▶ [Exercise prompt]:
Only the lines below from the one containing "The banner is" through the one containing "A set of six" belong in the answer, set down exactly, with the pictures left out.

▶ [Exercise data]:

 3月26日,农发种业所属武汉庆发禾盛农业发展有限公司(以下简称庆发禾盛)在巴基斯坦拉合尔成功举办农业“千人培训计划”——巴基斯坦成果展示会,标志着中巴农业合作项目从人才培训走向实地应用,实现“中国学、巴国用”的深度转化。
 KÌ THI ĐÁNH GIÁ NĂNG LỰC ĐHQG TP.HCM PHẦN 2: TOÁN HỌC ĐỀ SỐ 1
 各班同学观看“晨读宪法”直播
...
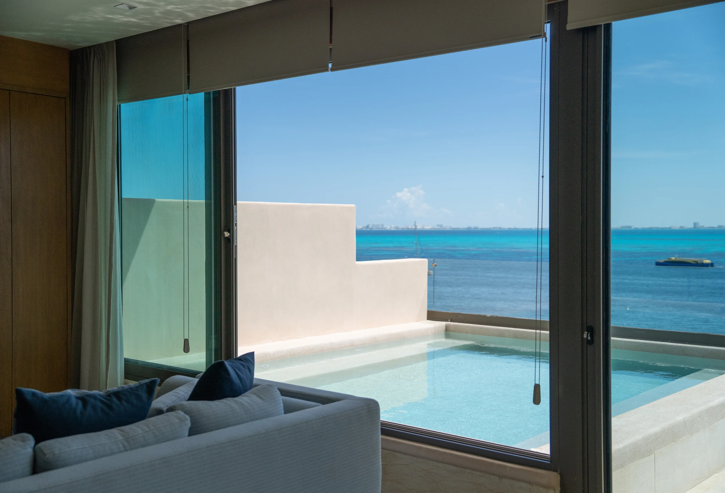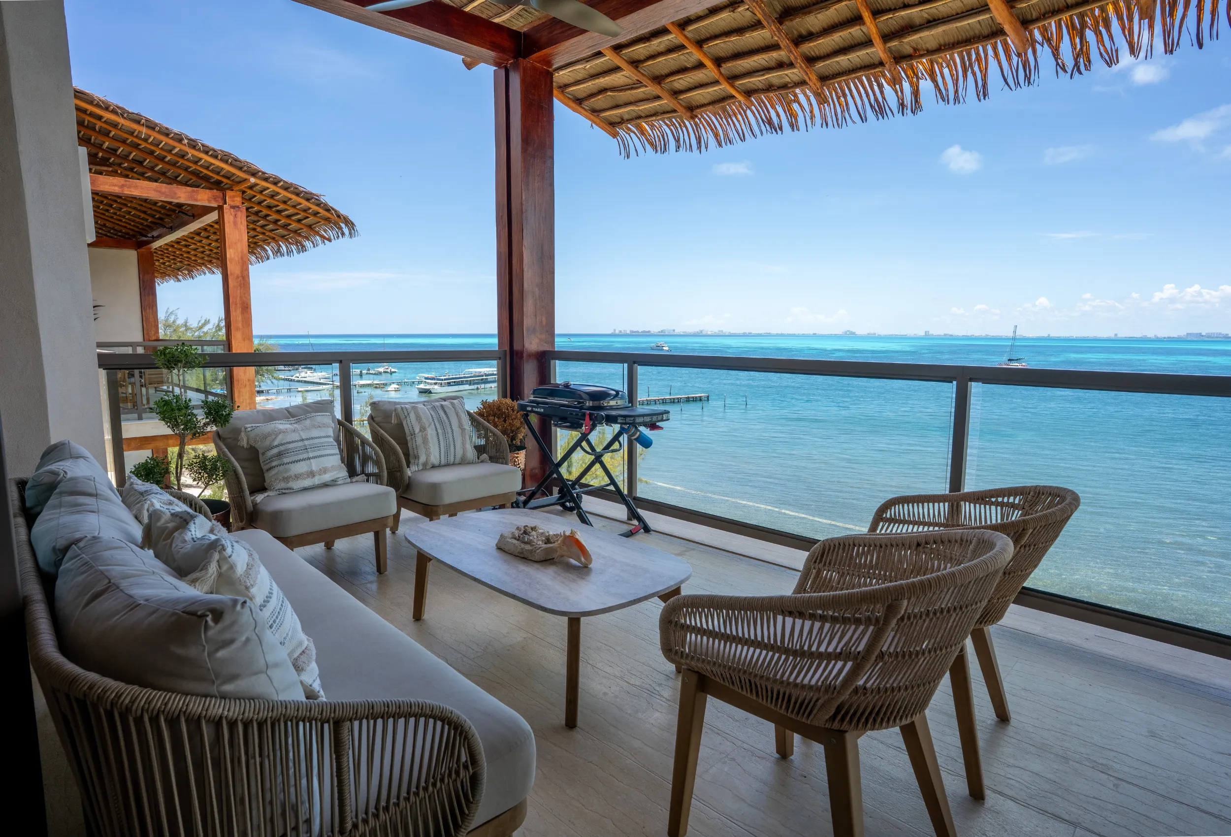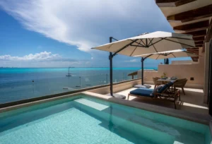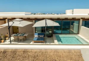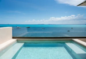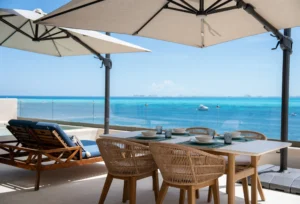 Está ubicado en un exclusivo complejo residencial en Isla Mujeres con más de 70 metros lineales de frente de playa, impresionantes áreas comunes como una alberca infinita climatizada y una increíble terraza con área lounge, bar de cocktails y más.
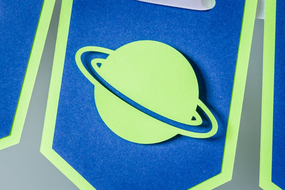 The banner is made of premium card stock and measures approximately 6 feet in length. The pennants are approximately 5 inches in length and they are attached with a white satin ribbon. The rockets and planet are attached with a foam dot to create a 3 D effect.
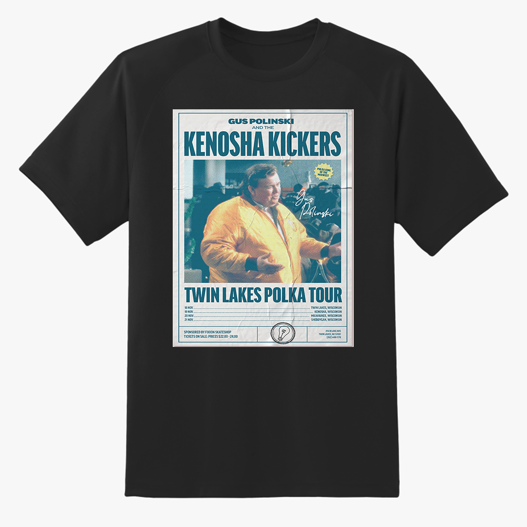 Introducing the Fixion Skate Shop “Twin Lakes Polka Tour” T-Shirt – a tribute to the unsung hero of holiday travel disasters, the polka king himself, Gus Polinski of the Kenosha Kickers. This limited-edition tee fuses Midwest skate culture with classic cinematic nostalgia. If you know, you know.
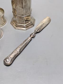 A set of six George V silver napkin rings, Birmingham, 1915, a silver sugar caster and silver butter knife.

▶ [Response to the task]:
 The banner is made of premium card stock and measures approximately 6 feet in length. The pennants are approximately 5 inches in length and they are attached with a white satin ribbon. The rockets and planet are attached with a foam dot to create a 3 D effect.
 Introducing the Fixion Skate Shop “Twin Lakes Polka Tour” T-Shirt – a tribute to the unsung hero of holiday travel disasters, the polka king himself, Gus Polinski of the Kenosha Kickers. This limited-edition tee fuses Midwest skate culture with classic cinematic nostalgia. If you know, you know.
 A set of six George V silver napkin rings, Birmingham, 1915, a silver sugar caster and silver butter knife.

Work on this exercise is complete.